_Exercise requirements_
Start at the line that contains "Слайд 50Шаг №" in the listing below and extract every line through the last, exactly; leave pictures out.

_Entries provided_
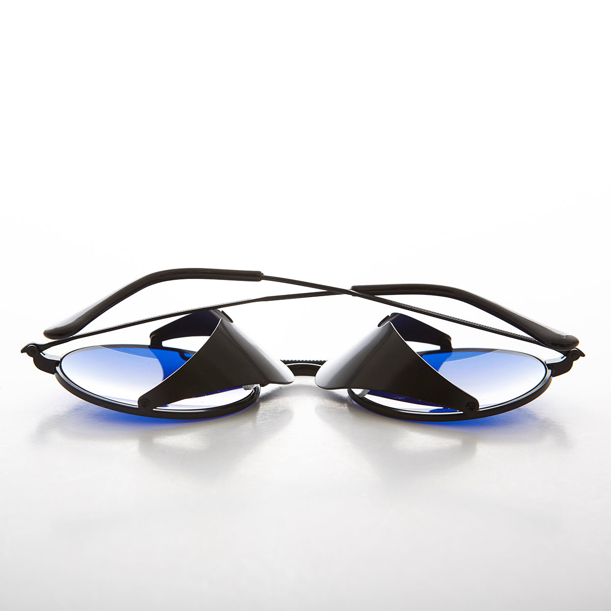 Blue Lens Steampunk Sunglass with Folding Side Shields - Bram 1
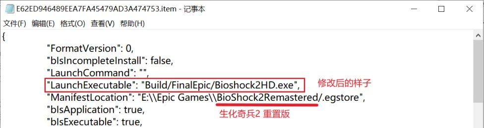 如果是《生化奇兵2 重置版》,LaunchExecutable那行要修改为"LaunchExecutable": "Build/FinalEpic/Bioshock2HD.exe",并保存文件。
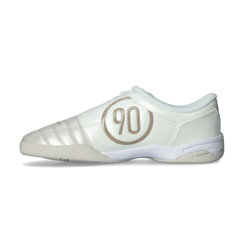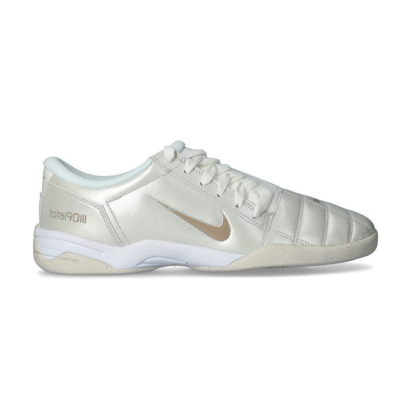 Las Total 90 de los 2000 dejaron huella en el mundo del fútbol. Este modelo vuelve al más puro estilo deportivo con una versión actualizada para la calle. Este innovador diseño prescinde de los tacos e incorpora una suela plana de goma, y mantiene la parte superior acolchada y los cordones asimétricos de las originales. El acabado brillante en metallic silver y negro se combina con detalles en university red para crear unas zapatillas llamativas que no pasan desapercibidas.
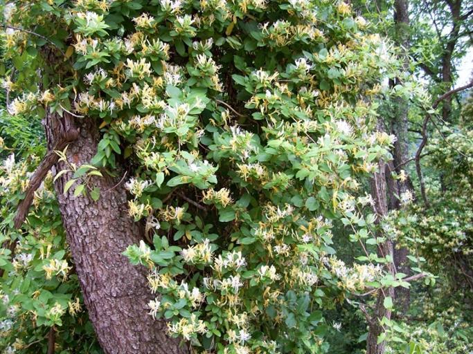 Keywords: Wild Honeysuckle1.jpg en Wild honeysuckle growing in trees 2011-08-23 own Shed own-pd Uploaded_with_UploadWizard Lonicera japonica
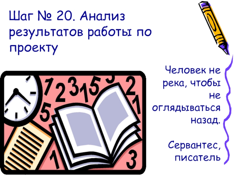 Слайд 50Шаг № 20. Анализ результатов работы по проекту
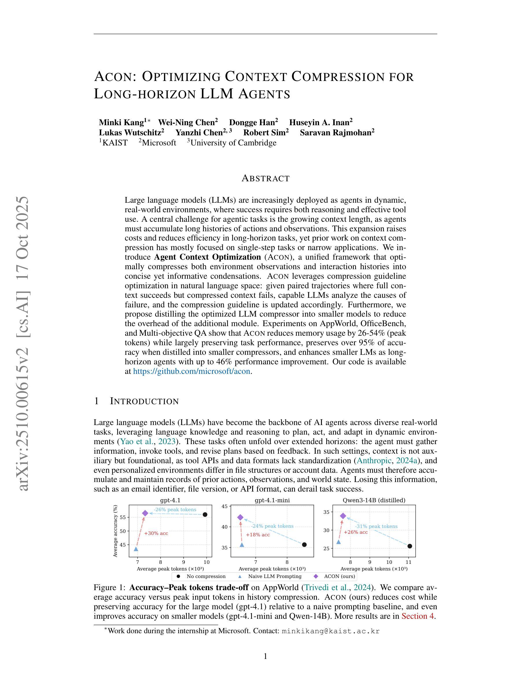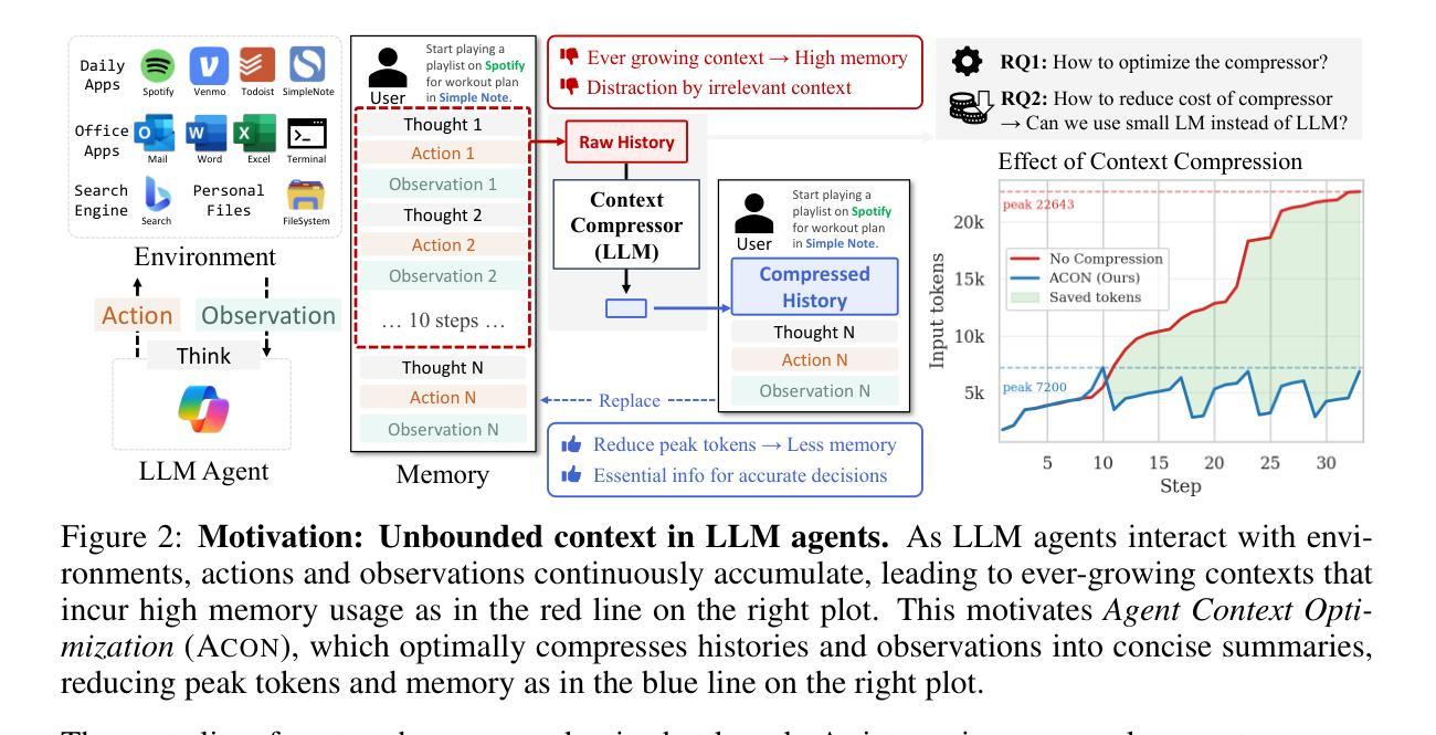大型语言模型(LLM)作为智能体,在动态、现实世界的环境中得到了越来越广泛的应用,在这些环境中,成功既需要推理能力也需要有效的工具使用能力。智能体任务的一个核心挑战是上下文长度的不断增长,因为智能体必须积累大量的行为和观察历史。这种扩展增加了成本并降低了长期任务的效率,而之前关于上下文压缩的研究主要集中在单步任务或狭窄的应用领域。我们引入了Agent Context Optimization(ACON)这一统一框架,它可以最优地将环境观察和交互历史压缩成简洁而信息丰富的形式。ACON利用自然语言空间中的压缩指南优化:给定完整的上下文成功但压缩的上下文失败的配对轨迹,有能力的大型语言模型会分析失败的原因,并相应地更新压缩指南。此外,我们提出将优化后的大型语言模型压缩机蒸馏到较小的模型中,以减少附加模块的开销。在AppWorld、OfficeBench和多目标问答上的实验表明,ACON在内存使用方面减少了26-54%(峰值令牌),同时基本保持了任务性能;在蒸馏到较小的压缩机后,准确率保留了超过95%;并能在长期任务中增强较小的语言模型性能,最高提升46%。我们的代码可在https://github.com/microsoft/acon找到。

_Answer space_
 Слайд 50Шаг № 20. Анализ результатов работы по проекту
大型语言模型(LLM)作为智能体,在动态、现实世界的环境中得到了越来越广泛的应用,在这些环境中,成功既需要推理能力也需要有效的工具使用能力。智能体任务的一个核心挑战是上下文长度的不断增长,因为智能体必须积累大量的行为和观察历史。这种扩展增加了成本并降低了长期任务的效率,而之前关于上下文压缩的研究主要集中在单步任务或狭窄的应用领域。我们引入了Agent Context Optimization(ACON)这一统一框架,它可以最优地将环境观察和交互历史压缩成简洁而信息丰富的形式。ACON利用自然语言空间中的压缩指南优化:给定完整的上下文成功但压缩的上下文失败的配对轨迹,有能力的大型语言模型会分析失败的原因,并相应地更新压缩指南。此外,我们提出将优化后的大型语言模型压缩机蒸馏到较小的模型中,以减少附加模块的开销。在AppWorld、OfficeBench和多目标问答上的实验表明,ACON在内存使用方面减少了26-54%(峰值令牌),同时基本保持了任务性能;在蒸馏到较小的压缩机后,准确率保留了超过95%;并能在长期任务中增强较小的语言模型性能,最高提升46%。我们的代码可在https://github.com/microsoft/acon找到。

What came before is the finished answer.